▸ **Data supplied**

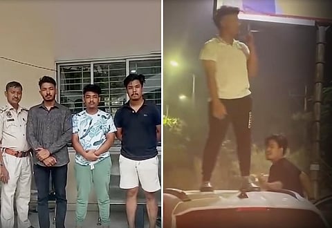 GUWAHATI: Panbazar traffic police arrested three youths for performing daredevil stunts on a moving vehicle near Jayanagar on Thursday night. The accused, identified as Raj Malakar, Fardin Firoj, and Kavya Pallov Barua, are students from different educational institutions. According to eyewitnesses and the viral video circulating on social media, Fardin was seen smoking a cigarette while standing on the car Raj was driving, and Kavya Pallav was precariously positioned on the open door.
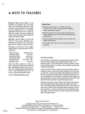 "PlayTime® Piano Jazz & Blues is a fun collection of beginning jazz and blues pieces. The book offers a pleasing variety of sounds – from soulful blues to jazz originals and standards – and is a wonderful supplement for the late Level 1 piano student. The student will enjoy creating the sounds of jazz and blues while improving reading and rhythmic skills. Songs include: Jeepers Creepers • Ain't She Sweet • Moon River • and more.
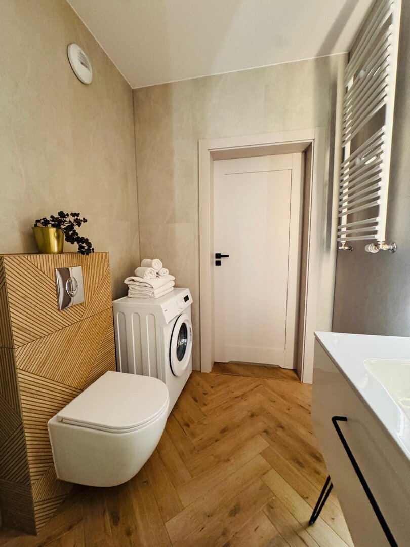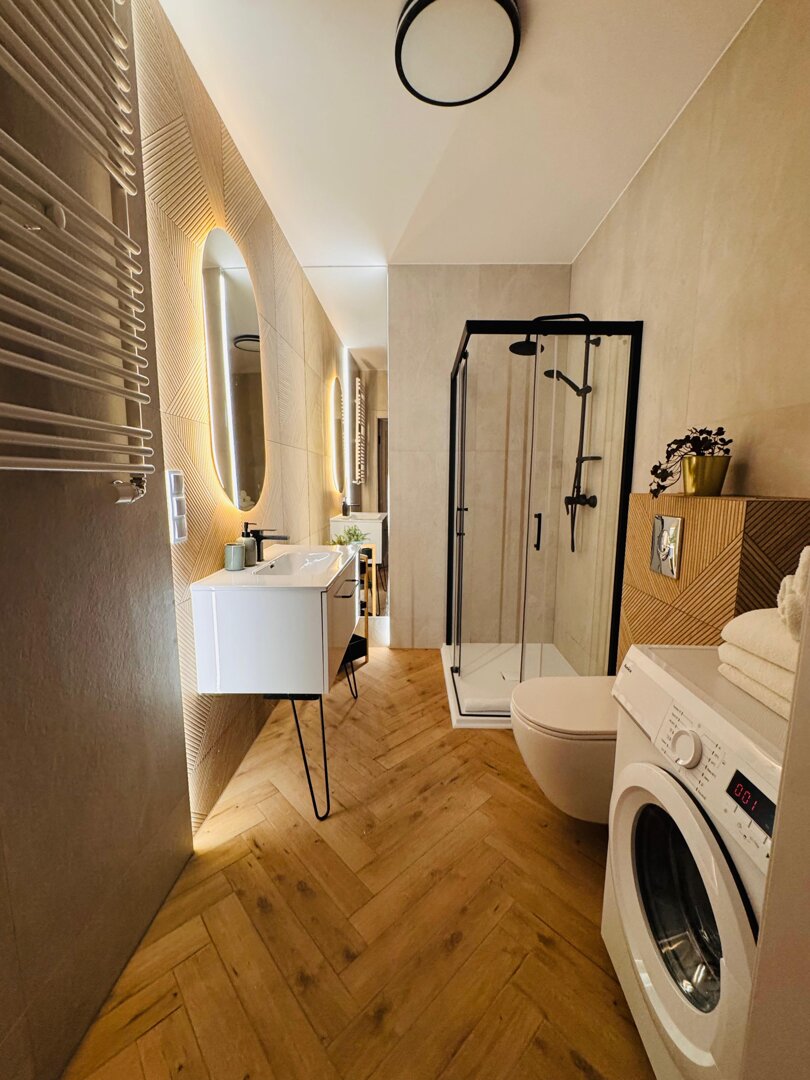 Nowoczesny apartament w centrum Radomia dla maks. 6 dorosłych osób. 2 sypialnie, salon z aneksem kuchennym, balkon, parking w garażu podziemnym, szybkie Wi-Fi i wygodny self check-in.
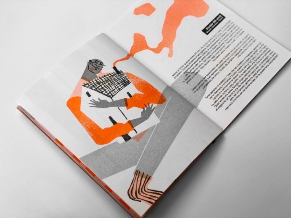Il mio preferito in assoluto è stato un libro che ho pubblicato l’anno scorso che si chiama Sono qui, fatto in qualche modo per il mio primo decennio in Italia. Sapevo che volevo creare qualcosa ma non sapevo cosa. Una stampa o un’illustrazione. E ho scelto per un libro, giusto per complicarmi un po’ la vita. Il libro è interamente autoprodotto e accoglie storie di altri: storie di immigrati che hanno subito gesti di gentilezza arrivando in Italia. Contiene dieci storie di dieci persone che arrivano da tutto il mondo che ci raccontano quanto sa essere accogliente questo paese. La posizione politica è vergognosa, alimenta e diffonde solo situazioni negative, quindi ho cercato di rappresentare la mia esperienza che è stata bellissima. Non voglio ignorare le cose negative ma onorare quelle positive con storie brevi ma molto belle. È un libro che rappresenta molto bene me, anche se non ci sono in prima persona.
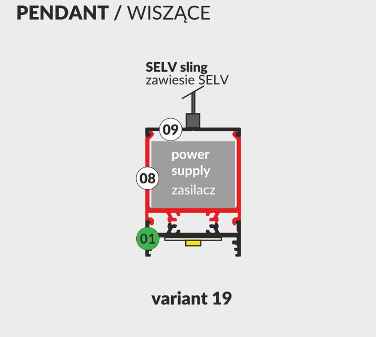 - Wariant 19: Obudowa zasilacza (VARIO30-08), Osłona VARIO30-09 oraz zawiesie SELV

▸ **Activity**
Exclude images and repeat all entries exactly.

▸ **Answer space**
 GUWAHATI: Panbazar traffic police arrested three youths for performing daredevil stunts on a moving vehicle near Jayanagar on Thursday night. The accused, identified as Raj Malakar, Fardin Firoj, and Kavya Pallov Barua, are students from different educational institutions. According to eyewitnesses and the viral video circulating on social media, Fardin was seen smoking a cigarette while standing on the car Raj was driving, and Kavya Pallav was precariously positioned on the open door.
 "PlayTime® Piano Jazz & Blues is a fun collection of beginning jazz and blues pieces. The book offers a pleasing variety of sounds – from soulful blues to jazz originals and standards – and is a wonderful supplement for the late Level 1 piano student. The student will enjoy creating the sounds of jazz and blues while improving reading and rhythmic skills. Songs include: Jeepers Creepers • Ain't She Sweet • Moon River • and more.
 Nowoczesny apartament w centrum Radomia dla maks. 6 dorosłych osób. 2 sypialnie, salon z aneksem kuchennym, balkon, parking w garażu podziemnym, szybkie Wi-Fi i wygodny self check-in.
Il mio preferito in assoluto è stato un libro che ho pubblicato l’anno scorso che si chiama Sono qui, fatto in qualche modo per il mio primo decennio in Italia. Sapevo che volevo creare qualcosa ma non sapevo cosa. Una stampa o un’illustrazione. E ho scelto per un libro, giusto per complicarmi un po’ la vita. Il libro è interamente autoprodotto e accoglie storie di altri: storie di immigrati che hanno subito gesti di gentilezza arrivando in Italia. Contiene dieci storie di dieci persone che arrivano da tutto il mondo che ci raccontano quanto sa essere accogliente questo paese. La posizione politica è vergognosa, alimenta e diffonde solo situazioni negative, quindi ho cercato di rappresentare la mia esperienza che è stata bellissima. Non voglio ignorare le cose negative ma onorare quelle positive con storie brevi ma molto belle. È un libro che rappresenta molto bene me, anche se non ci sono in prima persona.
 - Wariant 19: Obudowa zasilacza (VARIO30-08), Osłona VARIO30-09 oraz zawiesie SELV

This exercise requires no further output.